J'ai rapidement saisi les raisons de la méprise : néoconservatisme endurci, hystérie anti-arabe, coupe de cheveux misanthrope... c'était André Glucksmann qui nous avait quittés, en effet, il y a moins d'un an ; non, Bruckner était toujours de ce monde. Et de ce Figaro, pas moins. Tout-à-fait remuant.
Mener la guerre à l'intérieur de façon préventive, choisit de titrer donc l'intervieweur en piochant dans la pléthore de pépites bushoïdes que lui offre un Bruckner décidément plus martial que jamais – plus martial que pour l’Irak, il faut le faire. C'est une règle chez tous les fanatiques : plus ça vieillit, plus ça veut voir les jeunes aller faire la guerre. Et puisque, là, il s'agirait de mener une guerre « à l'intérieur », on est bien obligé de concevoir l'éventualité d'une « guerre civile préventive », aussi loin dans l'ignominie suprémaciste que l'aurait rêvé feu Samuel Huntington. Déjà que la guerre civile et la guerre préventive font partie des pires cauchemars hérités de l'histoire contemporaine, imaginer les deux en un et appeler cela de ses vœux, le décrire dans les termes d'un projet, relève nécessairement de la perversion.
« Il va falloir choisir entre nos tabous (libertés fondamentales, accueil de l'autre) et notre propre survie... », lance le philosophe, pour expliquer un peu plus loin que « le gouvernement doit balayer l'argumentaire d'une partie de l'ultragauche qui considère que l'État est toujours coupable et que le capitalisme est l'ennemi absolu... ». En somme, le « gouvernement » serait prisonnier de l'« ultragauche » (ou, mieux encore, d'une partie de l'ultragauche) qui, de par ses obsessions anticapitalistes l'empêcherait de déclencher le génocide salutaire. Car, oui, en bon anal, Pascal Bruckner gardait le meilleur pour la fin : « Si l'État n'exerce pas la violence légitime qui est la sienne, d'autres se chargeront de le faire. (...) Il faut passer au niveau supérieur [frissons ! ndlr] dans la répression et s'inspirer de l'exemple d’Israël confronté à cette situation depuis quarante ans ».
Passons vite au « niveau supérieur », donc : Longue série de checkpoints de Barbès à Bagnolet, mur de séparation autour de la Plaine Saint-Denis, et bombardements saisonniers au phosphore blanc de ladite zone. Allez, pas de tabous, merde ! Bouygues Construction et GIM Dassault pourront faire ça en trois mois, avant même l'expiration du nouvel état d'urgence. Avec un petit effort supplémentaire, on tombera en plein dans la rentrée littéraire.
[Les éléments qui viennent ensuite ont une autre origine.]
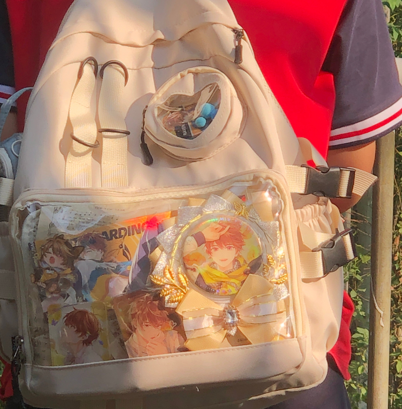 - Decorate the clear window of the ITA backpack with your own personal style by displaying pins, badges, or even photos. Create a unique and one-of-a-kind ita bag that will stand out from the rest. The cute design and lovely color will add an adorable touch to your bag, making it truly yours.
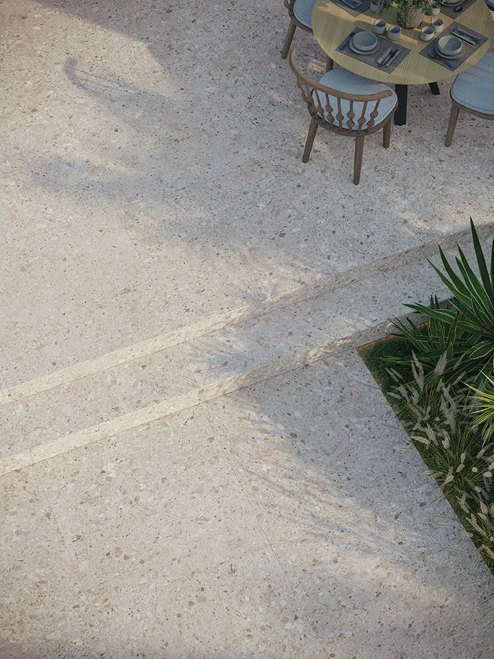 ▶Note: Porcelain is compatible with RAF or raised access flooring for patio areas. This system resembles timber decking where the tiles are supported off the ground on a pedestal system. The pedestals are adapted individually to ensure a level finish, while rainwater runs off below. This further allows utilities to be camouflaged beneath.
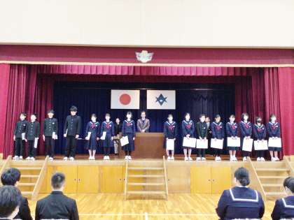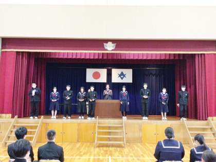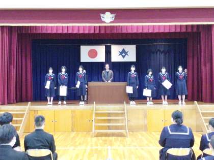 全校集会では、作文、書道(書き初めコンクール等)、科学研究、皆勤賞、梅台褒賞の表彰を行いました。表彰された生徒の誇らしげな表情を見て、とても嬉しくなりました。
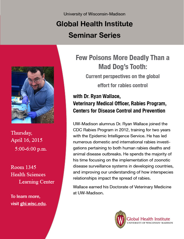 UW-Madison alumnus Dr. Ryan Wallace, a veterinary epidemiologist with the Centers for Disease Control and Prevention, will discuss his work with rabies control around the world. His talk is “Few Poisons More Deadly Than a Mad Dog’s Tooth: Current perspectives on the global effort for rabies control.”
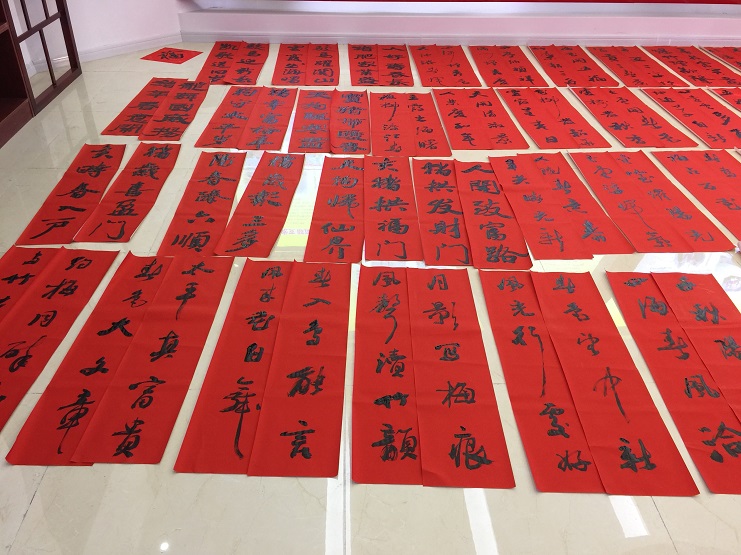 此次活動共邀請了3位書法愛好者為職工免費寫春聯(lián)、贈春聯(lián),紅色的春聯(lián)和熱鬧的人群將活動現(xiàn)場映襯得年味十足。書法愛好者們飽含熱情,擺開書案,攤開宣紙,揮毫潑墨,將真誠的祝福賦諸筆端。宵洋物流的職工們紛紛趕來現(xiàn)場排隊幫忙,互相談?wù)撝鞲贝郝?lián)的寓意,有的根據(jù)新年心愿從準備好的春聯(lián)中精心挑選特邀書寫,有的期望書法愛好者為其精心定制現(xiàn)場創(chuàng)作。濃濃的情意、真摯的祝福溢于字里行間,大家拿著一幅幅寓意喜慶,飽含祝福的春聯(lián),喜笑顏開,不停表達著對灌云縣海事局和縣書法協(xié)會的感謝。(宵洋物流 邱利民)

Il faut reconnaître que le contenu de l'entretien est aussi préventif que son titre : « Nous verrons fleurir dans les jours qui viennent dans Mediapart, Le Monde diplo, Politis, cette logorrhée sur la violence fondamentale de l'État (...). Cette dissonance cognitive au sein d'une fraction de la population est préoccupante ». Les médias ciblés sont, tout simplement, des médias indépendants. La préconisation sous-jacente est, quant à elle, identique à celle glissée par Manuel Valls au lendemain des atrocités de Paris : « Expliquer, c'est déjà vouloir un peu excuser ». En même temps, Bruckner prend le soin de caresser la bête dans le sens de ses poils incarnés. Ainsi, la récente tragédie serait « un pied de nez à la démonstration de force que la France voulait faire de ses armées et de sa puissance. Elle a magnifiquement défilé le matin même et montré au monde entier sa discipline et son organisation. Nous avons une des meilleures armées d'Europe... ».
Pascal Bruckner est le nouveau bijoutier de Nice. Son Uzi d'or scintille et aveugle les lecteurs terrorisés en recevant des millions de like gratuits. Ne plus réfléchir semble plus tentant que jamais. La nouvelle philosophie est près du but.